Copy out the full data exactly as given; pictures should not be included.

Dataset excerpt:
==============================

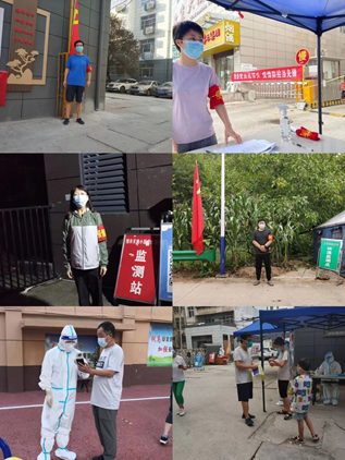 我院彭永鑫老师、杨全老师住在南院家属区,主动承担南院的核酸检测志愿服务工作,杨全老师还动员自己大学暑假在家的儿子一起参加核酸检测志愿服务。刘晓民、李永华、张洁老师分别在自己的小区承担起巡逻、信息登记、核酸检测、值班值守等工作。辅导员韩威,身在老家洛南,也积极投身村里的疫情防控工作,协助所在村委会工作人员进行入户核酸采样,并主动承担卡点值班任务。
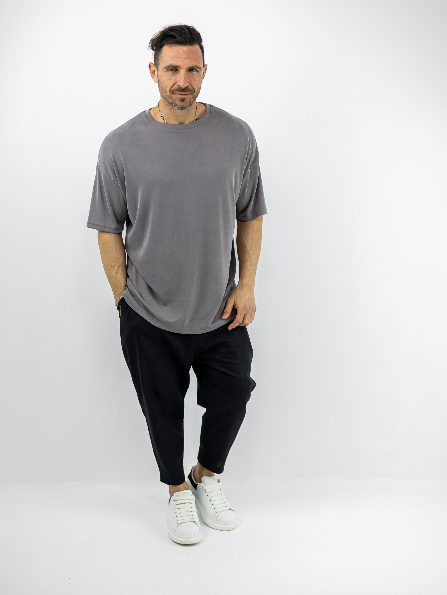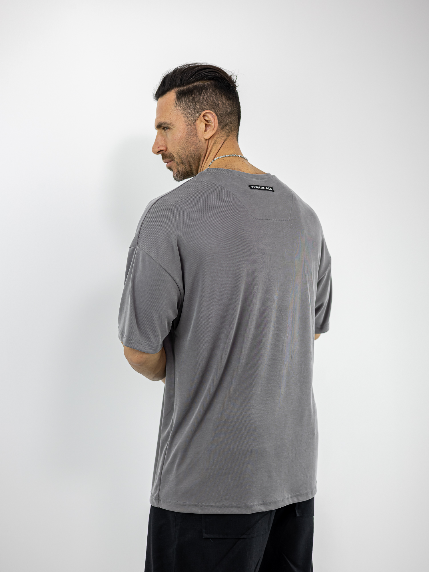 T-Shirt Οversized Μονόχρωμο Γκρί
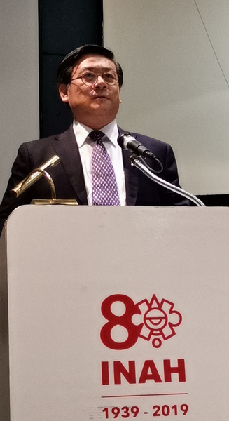 墨西哥文物局长普列多先生最后发言:2019年不仅是中华人民共和国成立70周年,也是欧洲殖民者踏上墨西哥国土500周年。在过去的漫长岁月中,墨中两国人民以各自的方式浴血奋战、砥砺前行,在争取主权、寻求和平、渴望发展的道路上有共性,也有共鸣。诚如本次展览的主题所言,艺术是和平的代言人,也是其传播媒介,展览让大家近距离地接触这份由艺术家创造的、极具感性和独创性的辉煌财富。中国朋友向我们提供了一个如何进行古今文化对话,展示文化多样性和进行国际互动交流的绝好案例。此次展览也将成为中墨文化交流和关系巩固的新开端。

==============================

Output for this task:
 我院彭永鑫老师、杨全老师住在南院家属区,主动承担南院的核酸检测志愿服务工作,杨全老师还动员自己大学暑假在家的儿子一起参加核酸检测志愿服务。刘晓民、李永华、张洁老师分别在自己的小区承担起巡逻、信息登记、核酸检测、值班值守等工作。辅导员韩威,身在老家洛南,也积极投身村里的疫情防控工作,协助所在村委会工作人员进行入户核酸采样,并主动承担卡点值班任务。
 T-Shirt Οversized Μονόχρωμο Γκρί
 墨西哥文物局长普列多先生最后发言:2019年不仅是中华人民共和国成立70周年,也是欧洲殖民者踏上墨西哥国土500周年。在过去的漫长岁月中,墨中两国人民以各自的方式浴血奋战、砥砺前行,在争取主权、寻求和平、渴望发展的道路上有共性,也有共鸣。诚如本次展览的主题所言,艺术是和平的代言人,也是其传播媒介,展览让大家近距离地接触这份由艺术家创造的、极具感性和独创性的辉煌财富。中国朋友向我们提供了一个如何进行古今文化对话,展示文化多样性和进行国际互动交流的绝好案例。此次展览也将成为中墨文化交流和关系巩固的新开端。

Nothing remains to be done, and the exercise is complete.